Popular Use Cases for the Aspire Content Processing Framework
Aspire content processing can be used for any application which requires unstructured or partially-structured content to be cleaned, filtered, enriched, normalized, or otherwise processed. Aspire also handles structured data easily.
A selection of use cases for Aspire, based on the activities of our current customers, are summarized below.
A BOLT-ON INDEXING PIPELINE
Aspire is used to pre-process content before indexing into search engines such as Solr Lucene, the Google Search Appliance or Amazon CloudSearch. These search engines do not currently provide a full-function indexing pipeline, and in some circumstances, it is advantageous to have one available.
Common uses include:
- Cleaning "dirty data" prior to indexing. This can significantly improve the search experience by removing false-positives
- Extracting metadata from source content to drive search navigation
- Enriching content through entity extraction or categorization to drive search features
- Organizing metadata for results sorting by property (price, distance, date, department, etc.)

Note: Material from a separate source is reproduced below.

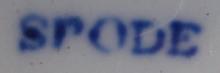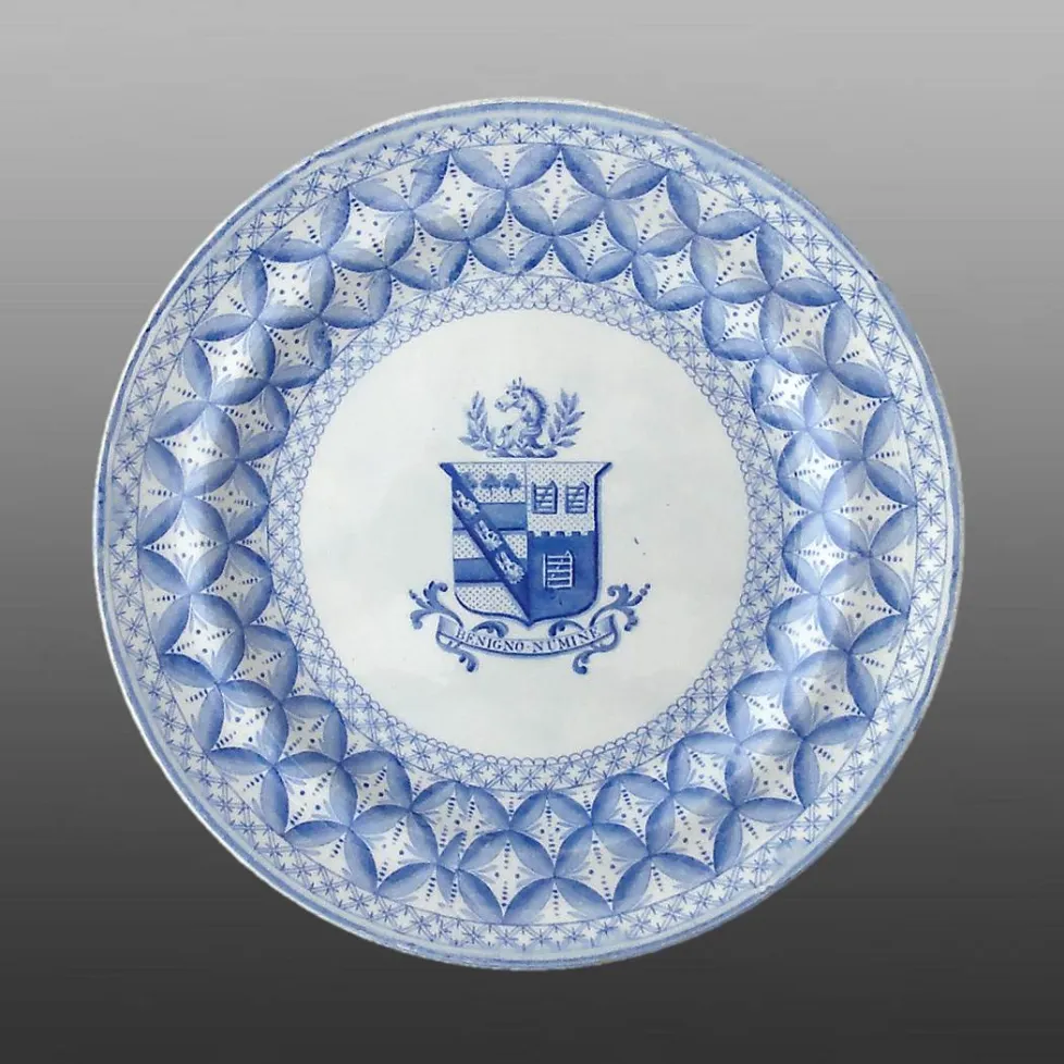 A round earthenware plate printed in medium blue with the Geranium Border and, in the center, the impaled Copeland-Yates Arms. William Taylor Copeland is named against the entry in the Arms Book. Provenance: A. Gresham Copeland and Robert Copeland collections.BACK TO CATALOG INDEX

- Filtering content before indexing. In other words, being selective about what is allowed into the search index
- Splitting large documents into "sensibly searchable units"
- Aggregating content from multiple sources into "virtual documents" for indexing purposes
SEARCH ENGINE INDEPENDENCE
We have a number of customers who have built custom search applications with Aspire, where a primary customer motivation is to gain search engine independence. For example:
- Customers who know that within a few years they will migrate to a new search engine. Using Aspire, much of the customization investment in the current system can be reused with the new search engine, when the time comes to move, avoiding cost and providing continuity of service
- Customers running multiple search engines can save money by consolidating content processing into a single, independent framework
- Customers using legacy systems such as Verity K2 or RetrievalWare who have invested a significant amount of effort into custom code. Using Aspire, we help customers to capture this investment into Java - the most widely used programming language - as a stepping stone for moving to a new search engine
- To create search engine independent data connectors for important content repositories
Sometimes, large search projects fail because of "complexity creep". Evolving user demands and ever-changing data sets cause patch after patch to be added to index pipeline code. This eventually becomes unmanageable.
This content processing framework was designed to mitigate complexity through providing transparency into processes and a componentized approach to application design. Individual components can be built, tested, deployed and upgraded in isolation.
It is thread-safe, multi-threaded, and supports distributed processing. Its architecture enables index-pipeline bottlenecks to be mitigated. The result is a highly scalable system in terms of both latency and throughput. This benefits search applications where close-to-real-time indexing is needed, or where data volumes are very large.
HIGHLY CUSTOMIZED SEARCH SOLUTIONS
Where practical and affordable, customers prefer to use commercial off-the-shelf software. Usually, some configuration or customization of COTS systems is necessary and the degree of customization required depends on the environment and the customers' specific needs:
- How diverse / incompatible / poor quality / fast evolving are the content sources?
- How diverse are the users' requirements? Some users may be very specialized, while others "just want it to work like Google"
- How complex is the security regime?
- How many "exceptions" need to be handled? Experienced builders of enterprise search systems understand that managing exceptions is time-consuming and potentially problematic, regardless of which search engine is being used
Aspire content processing appeals to experienced enterprise search implementers who know that managing processes efficiently, over the lifetime of the system, is the key to ROI. Aspire provides a flexible, agile and pragmatic alternative for building highly customized search applications on the leading search engines.
THE INFORMATION ACCESS LAYER
Some customers see advantages in developing an independent information access layer which serves not only search, but also content management, business insight and other "big data" applications that consume unstructured content. The content processing necessary to support search applications - cleaning, enriching and normalizing - serves these other applications equally well.